Since it was written so long ago, its history certainly reflects the era, down to the women’s headgear for riding about in the new fangled automobiles. However, the play should have used more history to give audiences who see it today a better picture of New York in that era.  The city at that time was a bustling metropolis, exploding with people.  If any one word described it, that word would be congestion.  The town’s first subway had opened two years earlier, horses and cars competed for space on the avenues, street gangs battled each other in the Clinton area of town, baseball teams in two leagues battled for pennants, factories and their smokestacks dotted the skyline and vaudeville was at the height of its popularity.  Chinatown, with some 12,000 residents, was starting to grow, business was booming for theaters on the Bowery, the city was full of yellow journalism newspapers, enormous reform movement parades wound their way through town, huge advertising posters graced the sides of buildings, street vendors and their carts jammed city streets, there was a cocaine epidemic, street gang wars, the debut of organized crime, plus armies of street urchins and hobos.

The play’s racetrack plot should have explained that in 1906 horseracing was probably the biggest spectator sport in America.  Tracks routinely attracted capacity crowds and newspapers devoted gargantuan amounts of space to stories on racing, results and odds sheets.  And this was all in the day before Off Track Betting and Simulcast.

All of the performers are good in the play, but Jaime Ray Newman, as Cynthia Karslake, is superb.  She sizzles when she plunges into her racetrack persona (if you wind up at a racetrack some balmy summer night, this is the woman you want sitting next to you).  Frances Faridany is equally dazzling as the voluptuous Vida, who gets as many laughs with the way she pouts and tilts her head as from what she actually says.

Director Mark Brokaw does a fine job of giving the action in the play a nice ebb and flow and works very hard to make certain that this is not a drawing room play.

The play has some drawbacks.  The second act moves slower than the first and the madcap ending is rather predictable.  Despite some wooden moments and its lack of a sturdier history, The New York Idea is a good idea for theatergoers.

PRODUCTION:  Lucille Lortel Theater and the Atlantic Theater Company.
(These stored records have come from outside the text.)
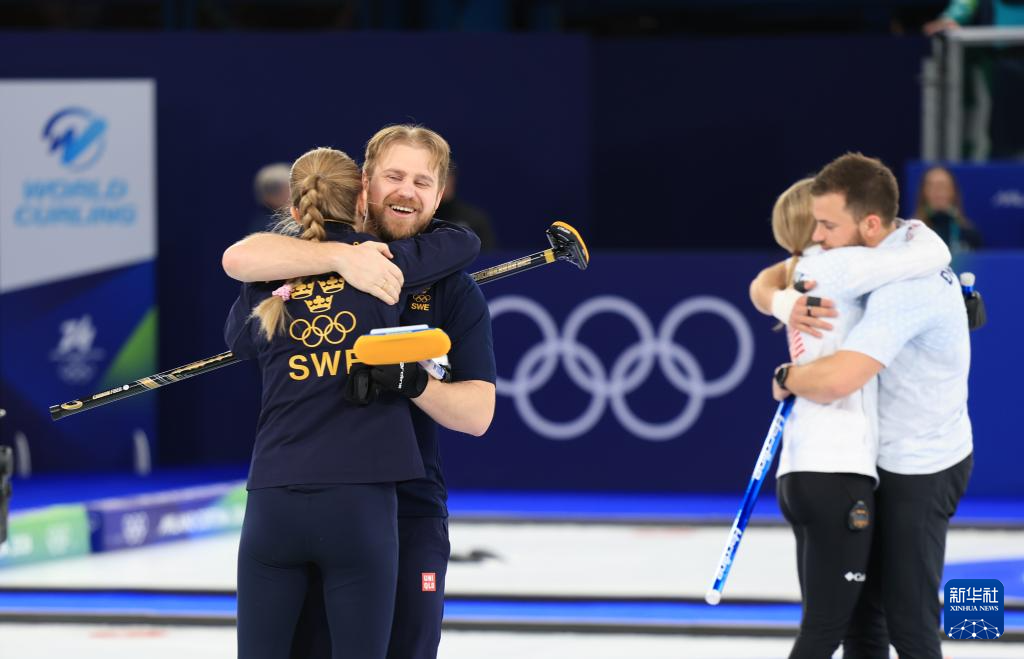 当地时间2月10日,在米兰-科尔蒂纳冬奥会冰壶混合双人金牌赛中,瑞典队6比5战胜美国队,获得冠军。
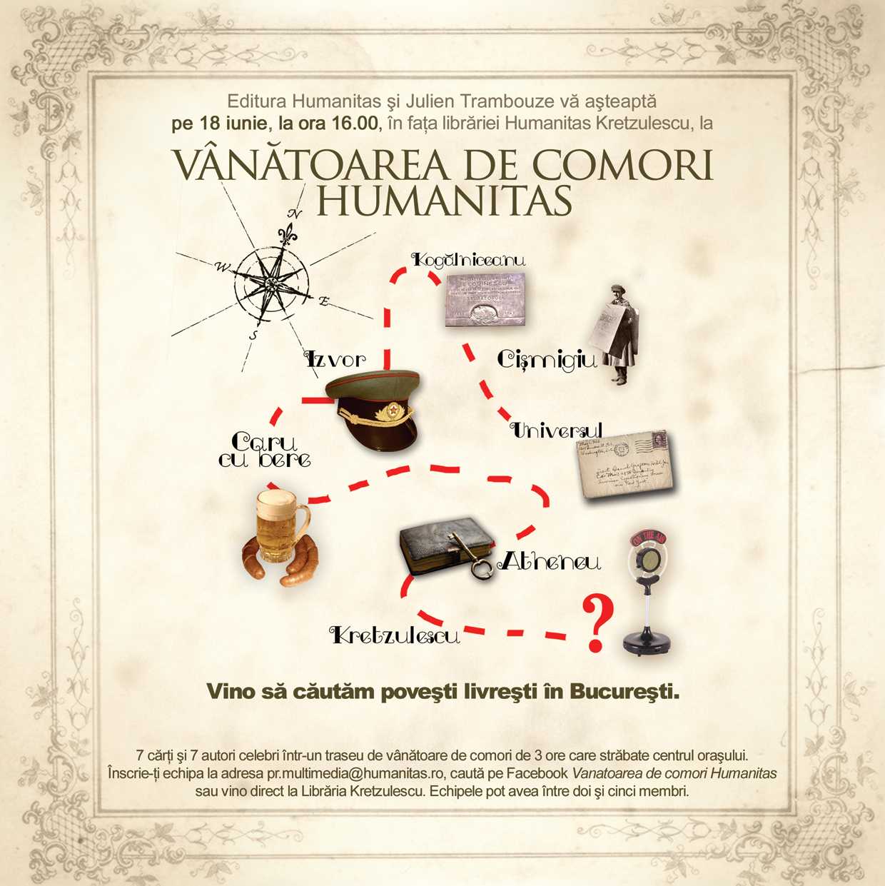 Editura Humanitas a pus la cale o „vânătoare de comori” prin Bucureşti în urma căreia participanţii vor descoperii, în alt mod, un număr de şapte cărţi. Jocul va începe sâmbătă, 18 iunie 2011, la ora 16.00, în faţa librăriei Humanitas Kretzulescu şi se joacă în echipe formate din 2 până la 5 membri.
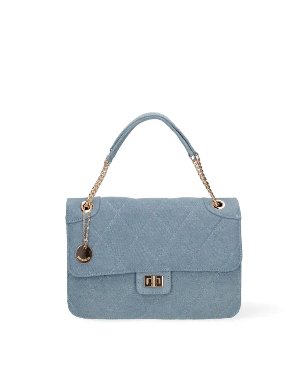 Damesschoudertas met draaisluiting. één met ritssluiting en één open binnenzak. afwezige externe zakken. ontbrekende schouderband. in ketting en stoffen handvat. één binnenvak. Schoudertas Dames extern materiaal. gevoerd met polyester binnenkant. Afmetingen: 27,5x18x9,5 cm. Modeproduct
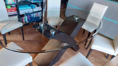tavolo di design con gambe in wenge' e piano in cristallo (presente qualche graffio) misure 210x110
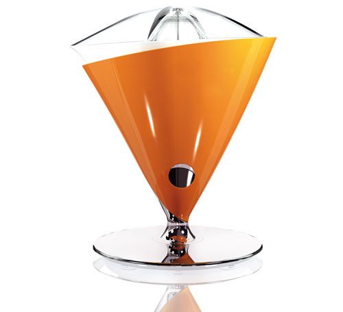 Vita est le presse-agrumes qui voltige. Le processus naît par la manière naturelle du geste manuel de presser et verser. Le corps est lié à la base par un tige en métal, et peut tourner à 60 degrés, en permettant le versement du jus. La rotation du presse-agrumes est contrôlé par un système sophistiqué qui balance les poids des composants et entraîne un mouvement fluide et délicat. Lutilisation est simple et fiable, elle seffectue en toute sécurité. La sensation éprouvée lors de prise manuelle est agréable, fixe et précise. Le système de décrochage est réglé et activé par le bouton sur le corps. Le presse-agrumes fonctionne avec un mouvement rotatif de 90/95 rotations par minute. Il est doté de deux aléseurs de différents diamètres pour presser tous les agrumes : citrons, oranges, pamplemousses. Tous les composants en contact avec les agrumes et le jus sont blancs, ils offrent lavantage dun système Anti-Allergies. Ils sont amovibles, pour garantir un nettoyage facile et soigné. Couleur : Orange - Brillant
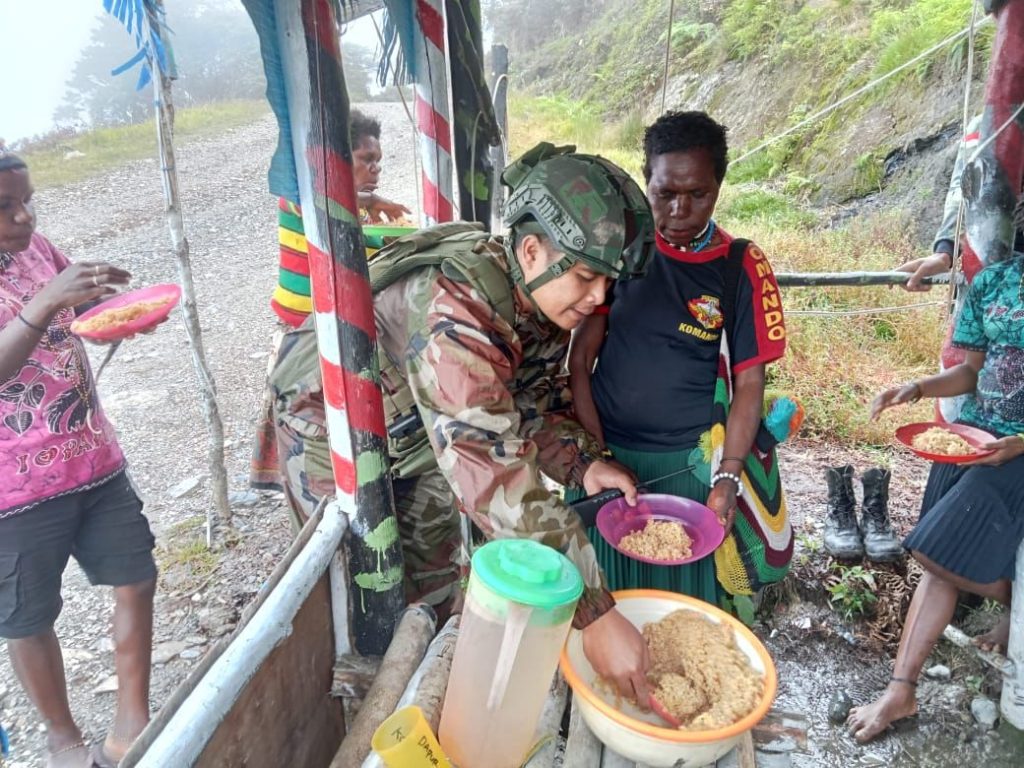 Jurnal1jambi.com,Sebagai bentuk rasa syukur kepada Tuhan Yang Maha Esa, Satgas Yonif 509 Kostrad membagikan sarapan kepada masyarakat melalui Pos Bilogai. Distrik Sugapa, Kab. Intan Jaya. Senin (15/04/2024)

Set: Allen Moyer, Costumes: Michael Krass, Lighting: Mary Louise Geiger, Period Etiquette and Style: Frank Ventura. Directed by Mark Brokaw.

CAST:  Mrs. Philimore (Patricia O’Connell), Miss Henage (Patricia Conolly), Thomas (Tom Patrick Stephens), Sudley (Peter Maloney), Cynthia Karslake (Jaime Ray Newman), Philip Philimore (Michael Countryman), Matthew Philimore (Joey Slotnick), John Karslake (Jeremy Shamos), Wilfred Cates-Darby (Rick Holmes), Vida Philimore (Francesca Faridany), Jacqueline (Mikaela Feely-Lehmann).